Mrs. Murphy is treated for pneumonia, congestive heart failure, and excess anticoagulation. The morning after her admission, a hospital discharge planner visits her and reviews her clinical record. The discharge planner notes that Mrs. Murphy lives alone and sees the recent diagnosis of mild dementia. At the multidisciplinary hospital discharge planning team meeting that afternoon, Mrs. Murphy’s case is discussed and the planners decide to recommend a new remote monitoring program to Dr. Z for Mrs. Murphy. At the time of discharge, Mrs. Murphy is accompanied home by Nurse A. When they arrive at Mrs. Murphy’s apartment, a technician from the remote monitoring program is already waiting for them. While Nurse A reviews Mrs. Murphy’s medication and self-management goals, the technician installs a wireless network hooked up to a secure internet connection. He places a scale in Mrs. Murphy’s bathroom, a docking station for Mrs. Murphy’s pill bottles, and a home glucose monitor, all connected wirelessly to the computer. Nurse A explains to Mrs. Murphy that Dr. Z will monitor her condition through the computer and that Nurse A will be helping Dr. Z. Mrs. Murphy doesn’t understand how it all works, but she agrees to weigh herself in the morning, take her pills when she hears the reminder from the pill bottle docking station, and check her sugar in the morning. Mrs. Murphy agrees that her granddaughter will be informed about these new interventions.
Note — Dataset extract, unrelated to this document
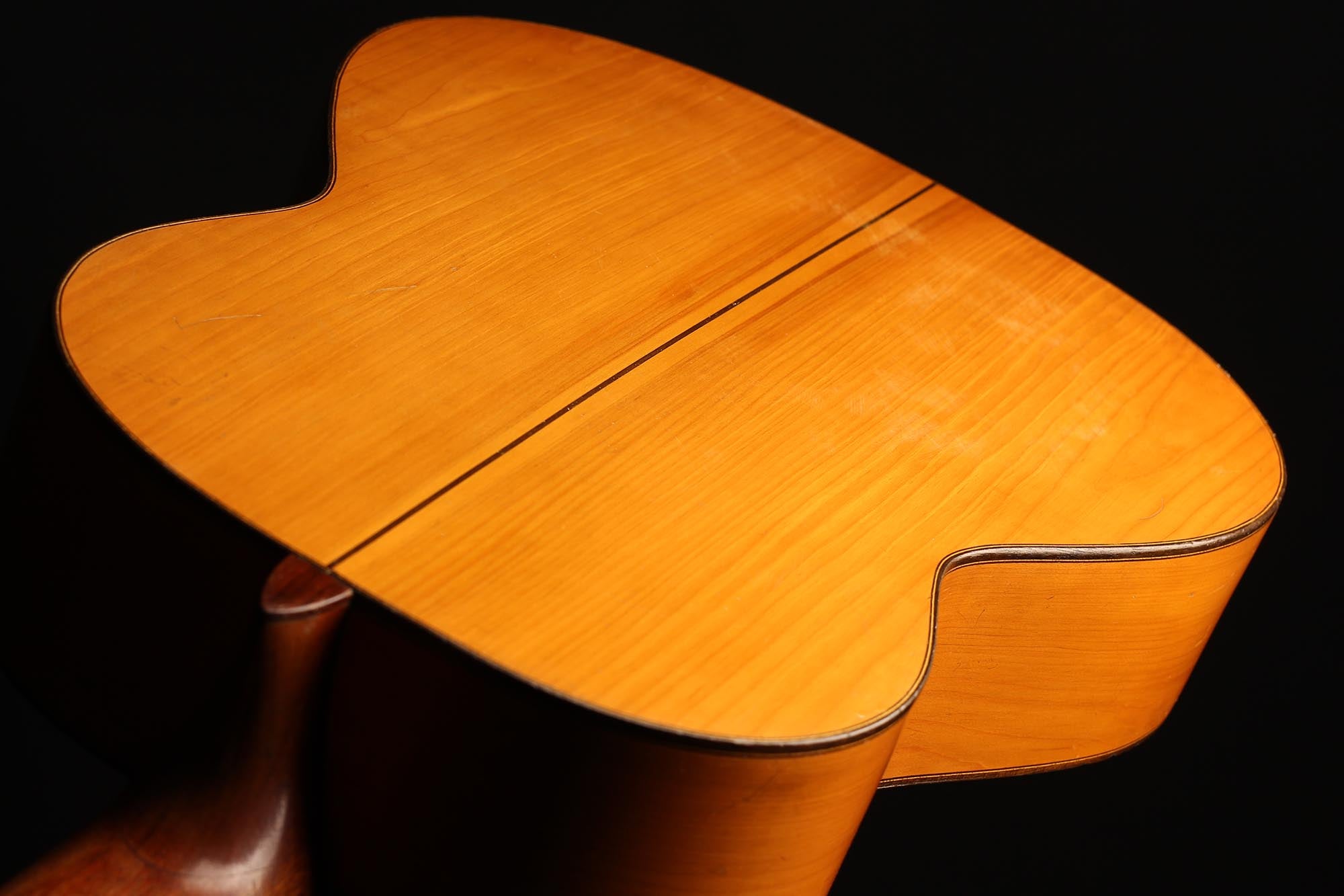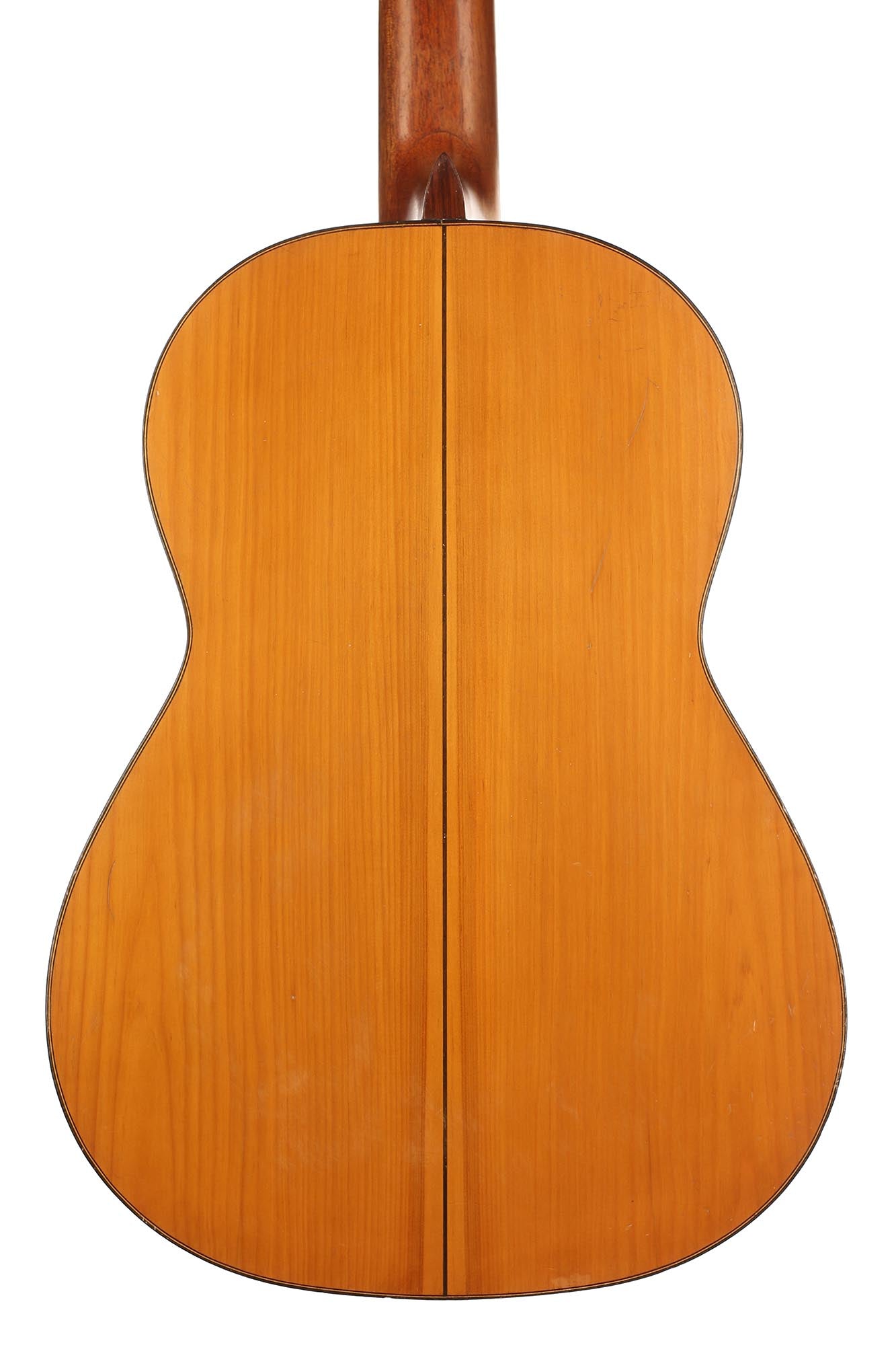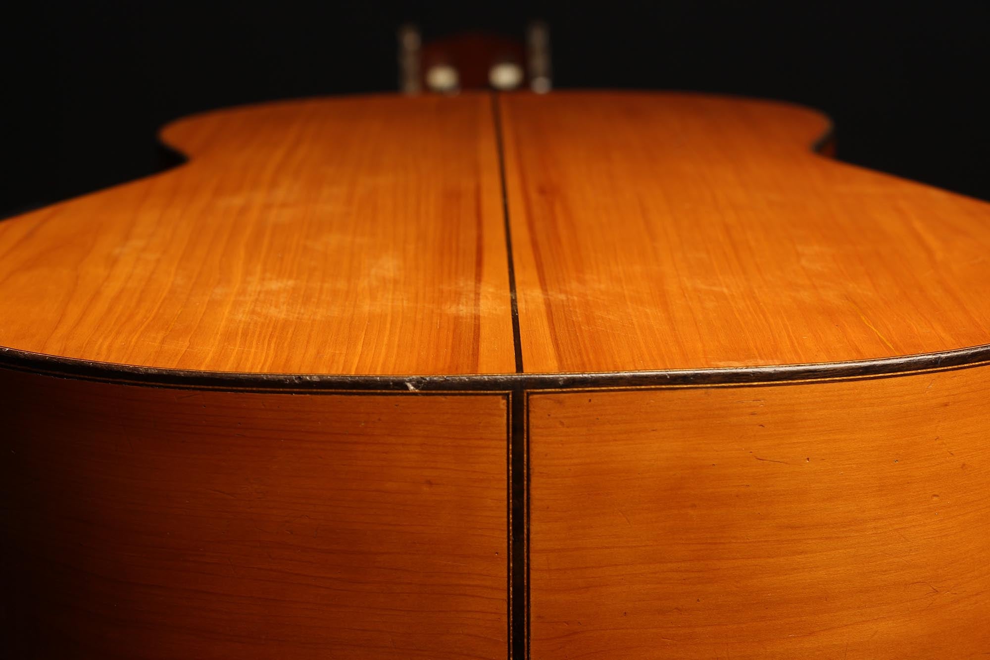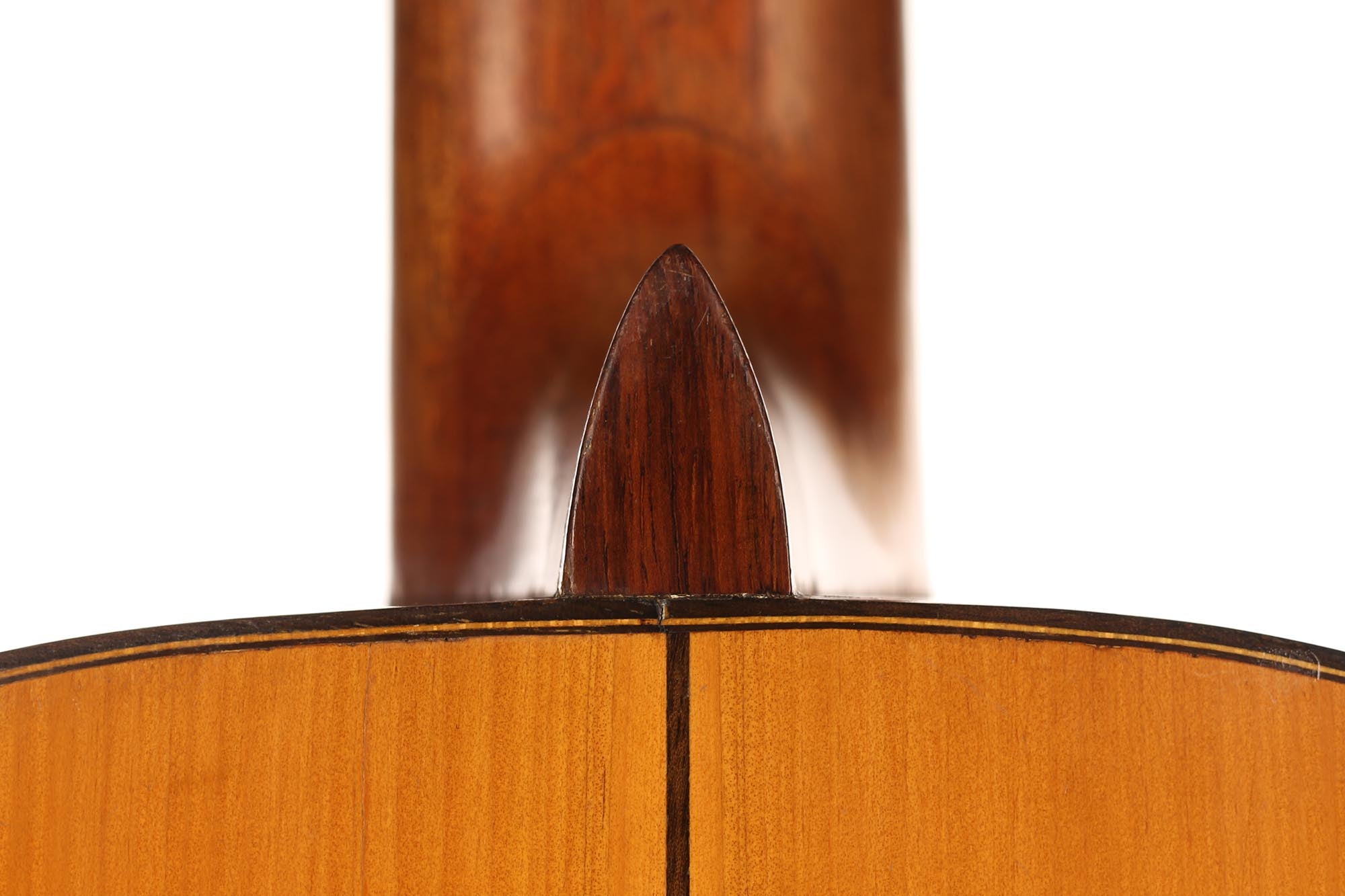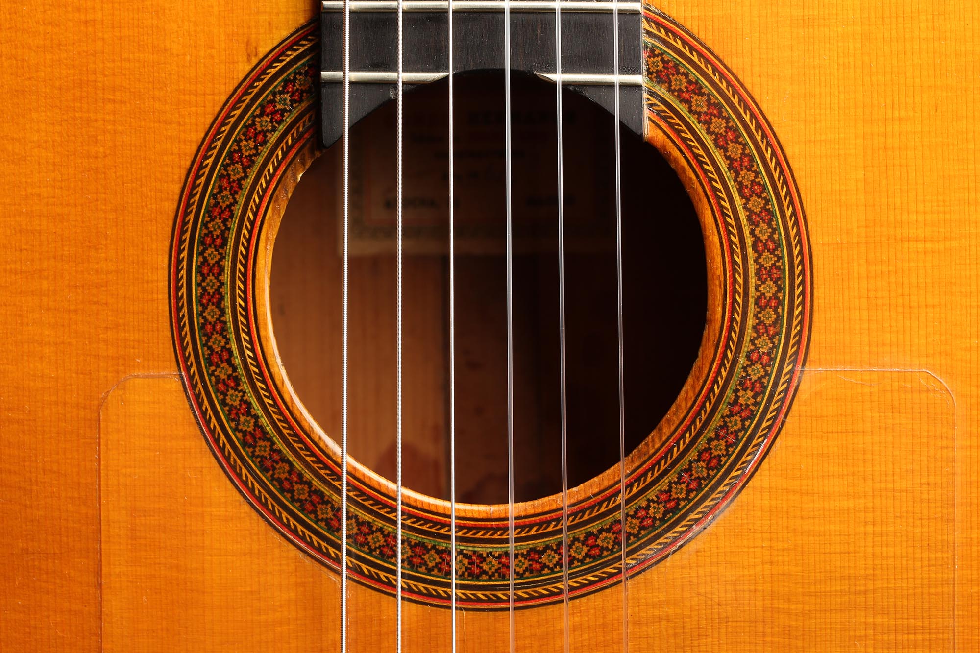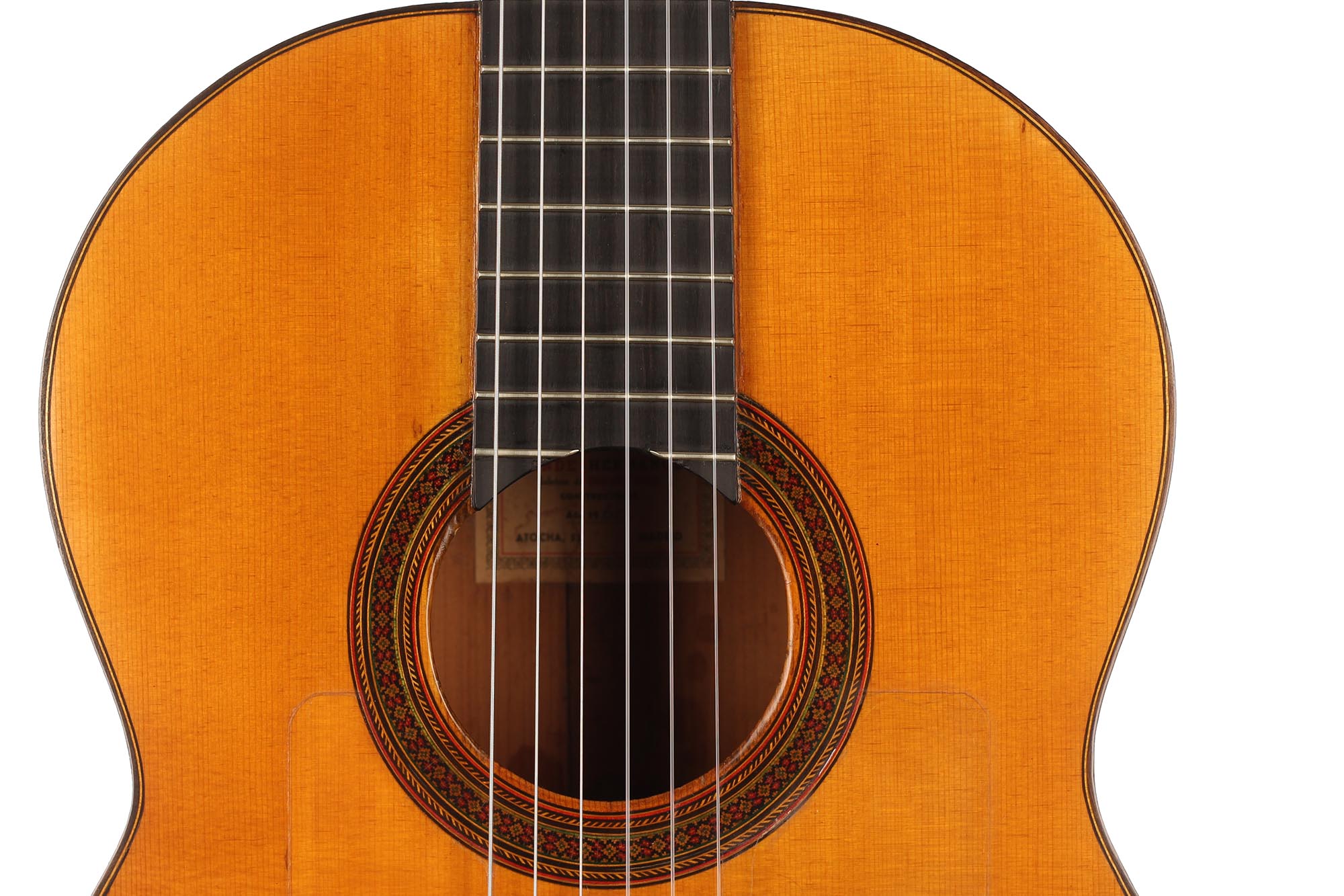 This 1961 guitar is very interesting. It has a Domingo Esteso-style head, very typical of the legendary luthiers from Madrid such as Manuel Ramirez and Santos Hernandez. This beautiful guitar has an extraordinary charisma. Three repaired cracks are visible on the soundboard: one at the central joint and one on each side of the ebony fingerboard. A small reinforcement bar has been added inside at the fan bracing at the central joint. Three small repaired cracks are also visible on the back. This guitar is in perfect playing condition and wears the original engraved Fustero tuners.

A couple of days later, both Dr. Z and Nurse A get an automated alert via secure e-mail that Mrs. Murphy has gained two pounds in the past 2 days. After a quick e-mail exchange, Nurse A calls Mrs. Murphy and per Dr. Z’s order, asks Mrs. Murphy to take an extra diuretic pill now and one at 6 p.m. tonight. Via the internet, Nurse A is able to reprogram the medication reminder system to prompt Mrs. Murphy to take the correct dose at the correct time. At 6:30 p.m., Nurse A receives a notification from Mrs. Murphy’s computer that the diuretic pill bottle has not been opened or moved since noon. Nurse A calls Mrs. Murphy who admits that she has been entertaining a friend and hadn’t taken her pill yet but promises to do so in the next few minutes.

4. Standards & Systems


  • EHR Systems
  • Practice Management Systems
  • HIS Systems
  • ADT Systems


  • HL7 Version 2.X
  • HL7 Version 3.X
  • HL7 CDA Release 2.0
  • ASTM/HL7 Continuity of Care Document
  • Web Services
  • SOAP
  • HTTP
  • DNS
  • SMTP
  • MIME
  • S/MIME

5. Discussion

The interoperability requirements of patient care workflow can be thought of as support for a conversation between two or more clinicians at each step. What is needed is a simple nomenclature for the workflow steps, to serve as triggers, and specification of the payloads and communication methods that are appropriate for the steps. It is assumed that, for most steps, copying and forwarding of existing messages and documents, with appropriate “covers” will be sufficient.

The workflow for exchange of information between providers needs to address:

  • Ordering
  • Scheduling
  • Communications between Providers
  • Task Lists
  • Reporting

IHE would be a good venue to solve this problem because it reflects a need to support the integration of several standards together.

Open Issues

Critical to the success of care coordination is the unambiguous identification of patients, provider organizations, and individual clinicians.

Whenever a clinician receives a copy of a report concerning a patient, it must be absolutely clear to the clinician what if any responsibility he or she has to follow-up on the details of the report.